To yolk or not to yolk, that is the age old question. With all the “noise” swirling around in the wellness world, it’s hard to know which side of the fence you should camp out on in the egg yolk vs egg white discussion, so we consulted our resident nutritionist Dabney Poorter to weigh in on this great debate. 

 

Egg Yolks versus Whole Eggs

“Breakfast: 2 egg whites, a slice of toast, and cup of coffee with french vanilla creamer”. This is an example from a client’s food logs before we met for a consultation.

At our initial consultation, I provided this client with nutritional education handouts. The top of page one says: 1. Eat Breakfast. I am thrilled this client is eating breakfast, but there are a few things I would change. We can begin with a focus on education of what we are missing when we avoid egg yolks.

The Scrambled Truth

Years ago, scientists discovered that high cholesterol leads to an increased risk of heart disease. Foods high in cholesterol were, thereafter, given a negative reputation and many people began to eliminate foods, such as egg yolks. Recent studies, including one completed by The American Journal of Clinical Nutrition, have found that whole egg intake is not associated with an increased heart disease risk.  This conclusion pertains even to those that carry the gene ApoE4 (i.e.,highly susceptible risk).  Additional studies further suggest that heart disease risk lies in inflammation caused by other factors including chronic stress, overconsumption of vegetable oil, sugar, and processed carbohydrates.

The Sunny Side of Things

Whole eggs are nearly a perfect food with many of the nutrients your body needs to function. They are one of the few natural food sources of vitamin D and contain 7 grams (a full serving) of high-quality protein. A whole egg is packed with omega-3 fatty acids, B vitamins (B6 & B12), riboflavin, folate, and choline.  Each are all helpful in preventing heart disease.
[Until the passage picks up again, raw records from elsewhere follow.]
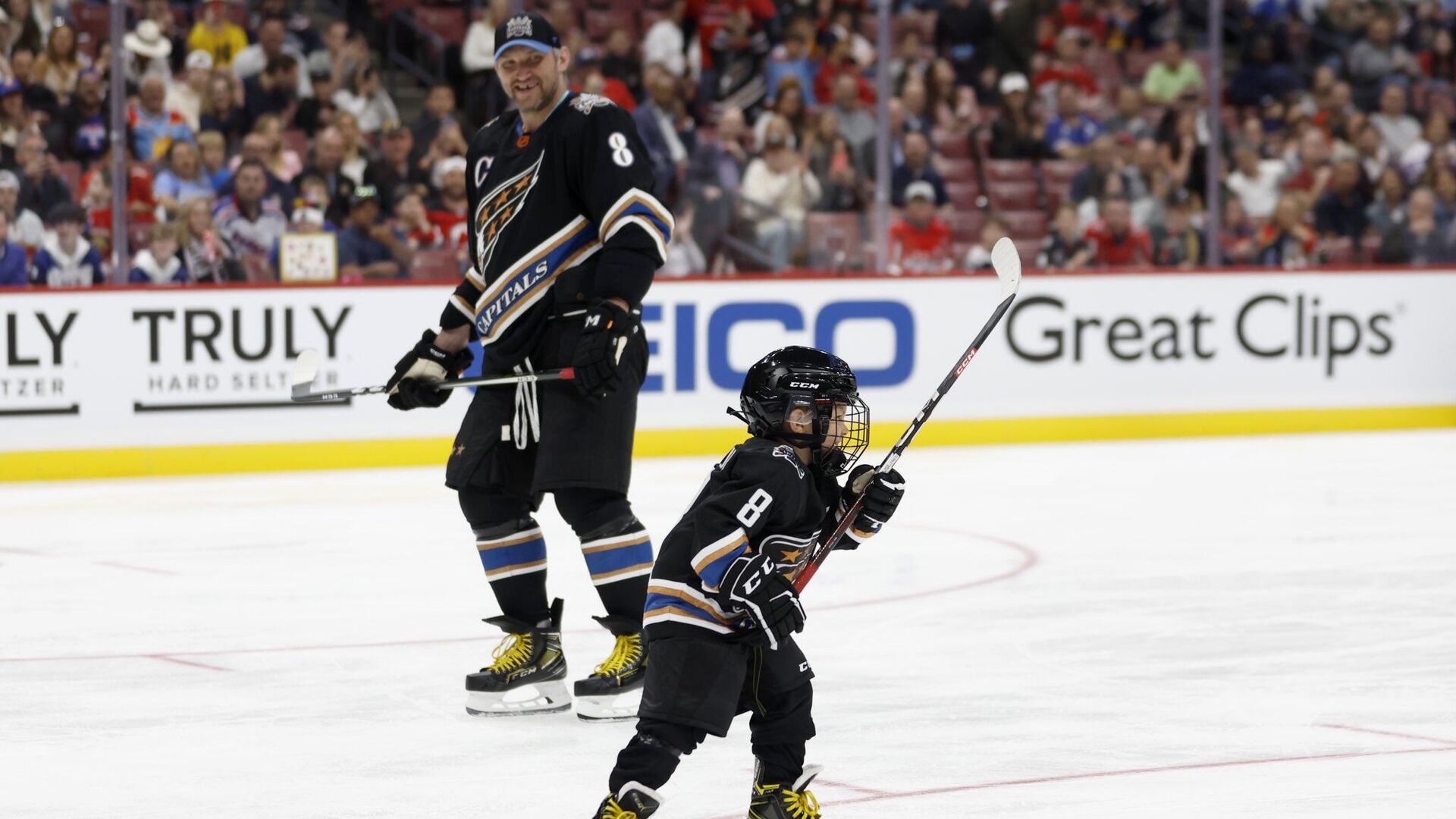 «Первая игра для Овечкина-младшего на стадионе «Кэпиталз» с лучшей поддержкой», — написала супруга хоккеиста Анастасия в Instagram (принадлежит Meta, деятельность которой запрещена в России как экстремистская).
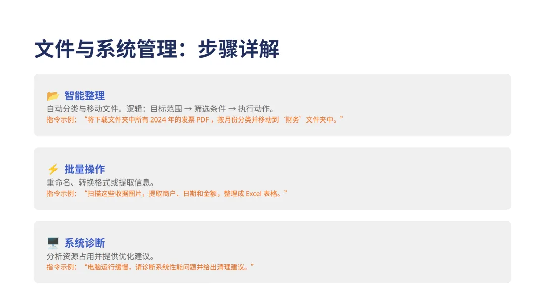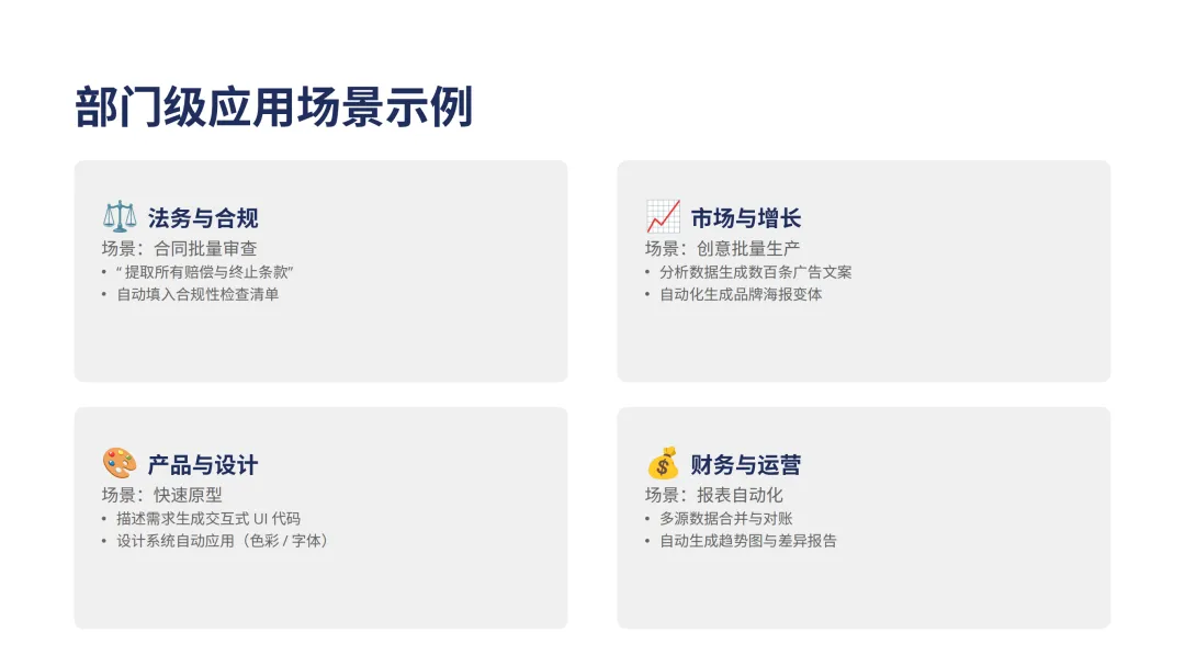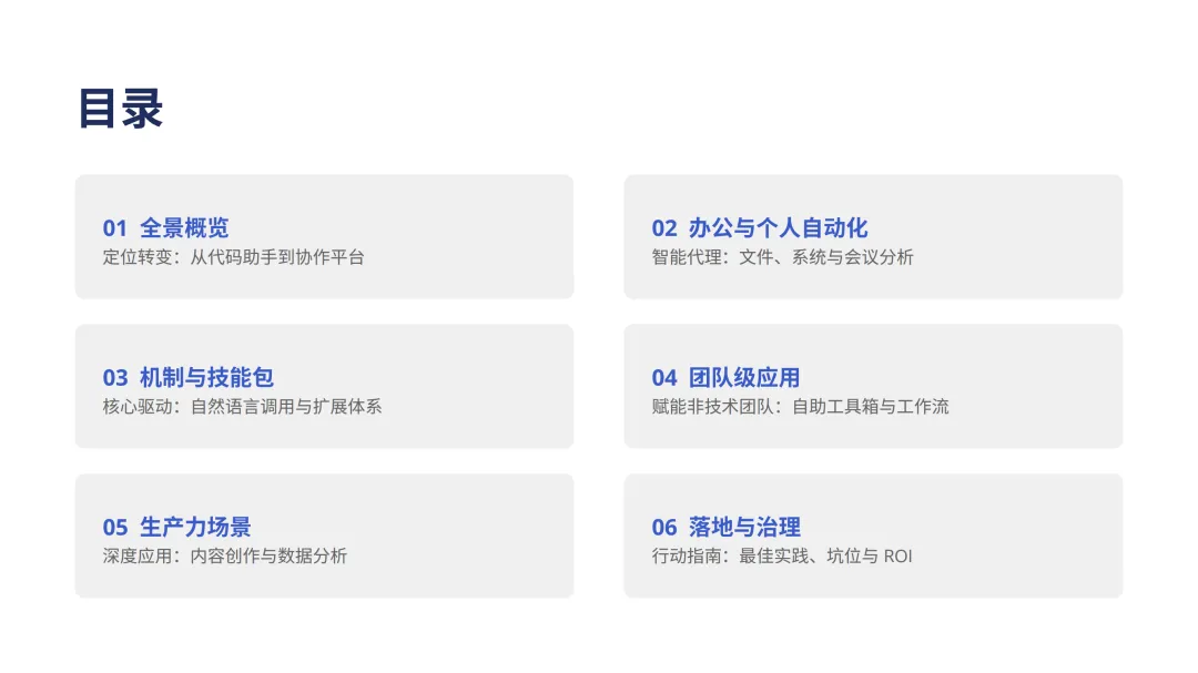 现在它能做的远不止写代码:办公与个人事务自动化,像整理文件夹、诊断系统、下载剪辑视频、分析会议录音;赋能法律、营销、财务等团队,自助做应用、生成创意、处理数据;还能批量编辑文档、爬数据、剪视频、做网页;甚至让不懂脚本的人用自然语言做数据清洗、分析、出报告。本质是换了干活方式——不用学软件操作,说清“要什么”就行。你从“软件操作员”变“流程指挥官”,剩下交给AI。它已是普通人管电脑、团队提效、创作者生产的通用数字搭档。👉谢谢您的关注,后台留言私信第一时间获取完整PPT
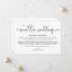 Tarjeta de anuncio de actualización de boda simple moderna. El diseño presenta la escritura de caligrafía ''actualización de boda'' y detalles en letras mayúsculas de moda.

Two amino acids found in eggs also provide more nutrient density.  L-arginine is critical to the body’s production of protein and the release of growth hormones.  Leucine assists in regulating blood sugar levels and also helps the body produce growth hormones.

The Hardboiled Facts

A majority of the essential vitamins and minerals found in eggs are in the yolk. This doesn’t necessarily mean you should eat four eggs per day. An excess of any food is imprudent. I encourage my clients that two eggs per day is a good rule of thumb.

After our consultation, the client’s logs look more like this: “Breakfast: 2 whole eggs scrambled with avocado oil and veggies, 1 cup of berries, 1/4 avocado, and a cup of coffee with almond milk/whole milk.”